The methyl reader array consisted of 104 unique domain constructs (Supplementary Figure S2A) and the acetyl reader array consisted of 30 unique domain constructs (Supplementary Figure S2B). Biotinylated N-terminal peptides of unmodified, mono, and trimethylated MYL9 were tested for binding on the methyl reader array. Unmodified and acetylated MYL9 peptides were tested for binding on the acetyl reader array. No known methyl or acetyl reader domains showed specific affinity for modified MYL9 peptides (Figure 6A,B), indicating Nα-methylated and Nα-acetylated MYL9 are read by unique domains or are not read in a domain-specific way. While this result is specific to MYL9, it seems possible that it may hold true for Nα-PTMs in general, as the N-terminal α-amine presents a considerably different steric environment than is found at the ε-amine of lysine or at the guanidino group of arginine.

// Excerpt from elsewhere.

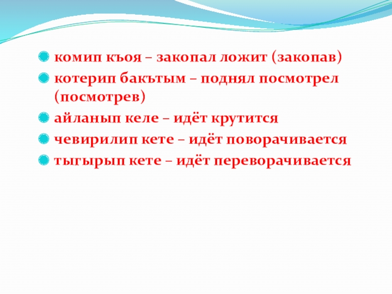 комип къоя – закопал ложит (закопав)котерип бакътым – поднял посмотрел (посмотрев)айланып келе – идёт крутитсячевирилип кете –

In attempt to identify unique protein domains that specifically recognize and bind Nα-methylation and Nα-acetylation, an unbiased stable isotope labeling of amino acids in cell culture (SILAC) liquid chromatography-mass spectrometry (LC–MS/MS) pulldown screen was performed. For pulldowns, 14 amino acid N-terminal peptides of MYL9 were synthesized in unmodified, Nα-acetylated, Nα-monomethylated, and Nα-trimethylated states. Pulldowns with unmodified MYL9 peptide were performed using protein lysate harvested from cells grown in light media. Separate pulldowns were performed with acetylated, monomethylated, or trimethylated MYL9 peptides using heavy isotope labeled protein lysate. Elutions from each modified peptide pulldown were mixed with an elution from an unmodified peptide pulldown to generate three samples that each contained light proteins that interacted with unmodified MYL9 and heavy proteins that interacted with one of the forms of modified MYL9. Proteins in these pools were identified and quantified by LC–MS/MS.

Each sample yielded ~1300 protein identifications, with 1611 total proteins identified across all three-sample pairs. Only proteins that had a SILAC ratio (peptides identified in both light and heavy states) were included for further analysis, resulting in ~650 proteins per sample pair. Of these 650, there were only six candidate interactors that showed increased binding to modified MYL9 (Figure 6C,D). Interestingly, Nα-modification of MYL9 predominantly reduced protein–protein interactions, and this was most striking for Nα-monomethylated and trimethylated MYL9. While Nα-acetylated MYL9 peptide only showed 22 downregulated protein interactions as compared with unmodified MYL9 peptide, mono and trimethylated MYL9 peptides each showed ~300 down-regulated interactions (Figure 6C). Interestingly, many of the genes that showed down-regulated binding to Nα-methyl-MYL9 were involved in cytoskeletal regulation (Figure 6E), which supports a model of Nα-methylation being able to block the cytoplasmic roles of MYL9. We selected up-regulated and down-regulated interactors for further validation by peptide pulldowns followed by Western blot. The increased binding of PSMD7 and HEXIM2 to Nα-acetyl-MYL9 did not reproduce but the decreased binding of Cofilin-1 to Nα-methyl-MYL9 was reproducible (Figure 6F). These results indicate that the small number of enhanced binding interactions seen with modified MYL9 as compared with unmodified MYL9 may have been artifactual and that blocking protein–protein interactions, as opposed to promoting protein–protein interactions, may be an important regulatory feature of MYL9 Nα-methylation.